Profile image to column/column to image kernels
# arg1: tensor operation ( conv_tensor_rearrange : Conv Tensor Rearrange )
# arg2: data type (0: Input fp32, Weight fp32, Output fp32
# 1: Input fp16, Weight fp16, Output fp16
# 2: Input bf16, Weight bf16, Output bf16
# 3: Input int8, Weight int8, Output int8)
# arg3: tensor layout (0: Input[G, N, Hi, Wi, C], Output[G * N * Ho * Wo, Y * X * C],
# 1: Input[N, Hi, Wi, G, C], Output[N * Ho * Wo * G, Y * X * C])
# arg4: verification (0: no, 1: yes)
# arg5: initialization (0: no init, 1: integer value, 2: decimal value)
# arg6: print tensor value (0: no; 1: yes)
# arg7: time kernel (0: no, 1: yes)
# arg8: operation type (0: ImageToColumn, 1: ColumnToImage)
# Following arguments (depending on number of spatial dims):
# Number of spatial dimensions (1=Conv1D, 2=Conv2D, 3=Conv3D)
# G, N, K, C,
# <filter spatial dimensions>, (ie Y, X for 2D)
# <input image spatial dimensions>, (ie Hi, Wi for 2D)
# <strides>, (ie Sy, Sx for 2D)
# <dilations>, (ie Dy, Dx for 2D)
# <left padding>, (ie LeftPy, LeftPx for 2D)
# <right padding>, (ie RightPy, RightPx for 2D)

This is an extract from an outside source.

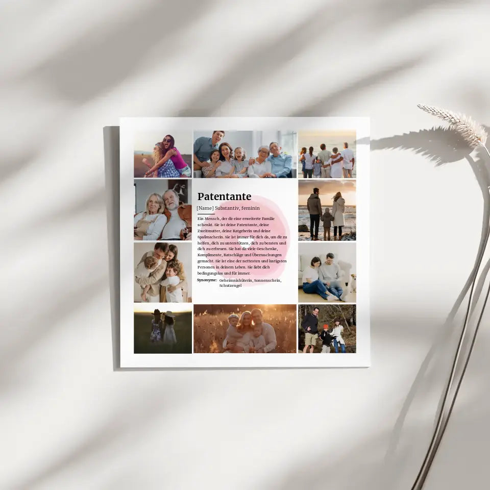 Du möchtest etwas einzigartiges verschenken? Dann ist Unser Patentante Definition Fotoboard magnetisch mit 10 Fotos ein einzigartiges personalisiertes Geschenk.

################ op datatype layout verify init log time opType Ndims G N K C Y X Hi Wi Sy Sx Dy Dx LeftPy LeftPx RightPy RightPx
./bin/ckProfiler conv_tensor_rearrange 0 0 0 1 0 1 0 2 1 256 1 512 3 3 28 28 1 1 1 1 0 0 0 0
Note: Column to image kernel adds to the output memory, this will cause output buffer to be accumulated multiple times, causing verification failure. To work around it, do not use CK's own timer and do verification at the same time.
Profile Permute scale kernels
# arg1: tensor operation ( permute_scale : Permute Scale )
# arg2: data type (0: Input fp32, Output fp32
# 1: Input fp16, Output fp16
# arg4: verification (0: no, 1: yes)
# arg5: initialization (0: no init, 1: integer value, 2: decimal value)
# arg6: print tensor value (0: no; 1: yes)
# arg7: time kernel (0: no, 1: yes)
# from arg8: tensor lengths
# input strides
# output strides
################ op datatype verify init log time dim0 dim1 dim2 in_stride0 in_stride1 in_stride2 out_stride0 out_stride1 out_stride2
./bin/ckProfiler permute_scale 0 1 1 0 1 64 64 64 4096 64 1 1 64 4096
Convert MIOpen driver command to CKProfiler
python3 ../script/convert_miopen_driver_to_profiler.py
/opt/rocm/bin/MIOpenDriver conv -n 32 -c 64 -H 28 -W 28 -k 64 -y 3 -x 3
-p 1 -q 1 -u 2 -v 2 -l 1 -j 1 -m conv -g 32 -F 1 -t 1
Only convolution driver is supported.